From one of the newly-genteel lace-curtained windows I can see a wild scene in the street below – the stomping, disciplined marching of thousands of feet as a Roman army marches up from the river, through the porta praetoria and along the street. The plumes on the centurions’ helmets tremble, the standard bearers hold their standards proudly aloft. And there at the front, burnished and gleaming in the sun, is the magnificent brass eagle of the great Ninth Hispana. Perhaps if I watch them I will see where they disappeared to, but at that moment a waitress drops a jug full of milk and the Ninth Legion is reduced to a fading echo of footfalls. ‘Ruby, Ruby!’ Patricia gives me a little shake. ‘Ruby, what are you staring at? Come on, it’s time to go.’

  We collect ourselves on the street outside. ‘That was horrible,’ Patricia says, over the noise of an al fresco string quartet on the pavement. ‘A tea-room, for heaven’s sakes.’ The string quartet come to a tasteful crescendo and people throw money into an empty violin case. But not us, we scurry away, past St Helen’s, the Shopkeepers’ church, along Blake Street and towards the Museum Gardens, chased all the way by the teasing, cruel chatter of the household ghosts.

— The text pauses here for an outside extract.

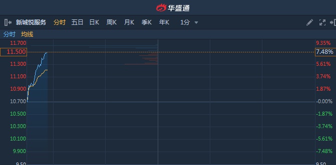 智通财经APP获悉,新城悦服务(01755)于上周五(11月15日)公告称,决议采纳股份奖励计划,早盘股价急升,高见11.5港元,刷新历史新高。截至9时52分,涨7.48%,报价11.5港元,成交额1080万。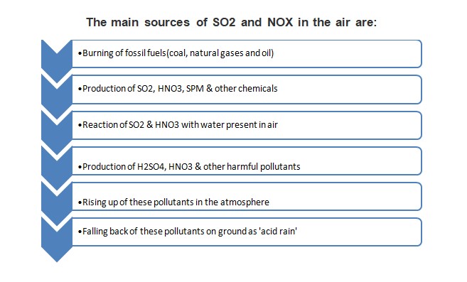 Acid rain results when already present sulfur dioxide (SO2) and nitrogen oxides (NOX) react with water, oxygen, and other chemicals to make sulphuric and nitric acids.

  In the Museum Gardens, now entirely free to the public – no sixpence needed – we pick our way through the peacocks and squirrels and tourists that litter the grass and make our way down to the path by the river and walk the length from Lendal Bridge to Queen Anne’s and back again. We pause at the foot of Marygate and watch a train crossing Scarborough Bridge. The water level in the Ouse is very low for this time of year, exposing the different strata of earth and mud which line it. Everyone has left something here – the unnamed tribes, the Celts, the Romans, the Vikings, the Saxons, the Normans and all those who came after, they have all left their lost property – the buttons and fans, the rings and torques, the bullae and fibulae. The riverbank winks momentarily with a thousand, zillion, million pins. A trick of the light. The past is a cupboard full of light and all you have to do is find the key that opens the door.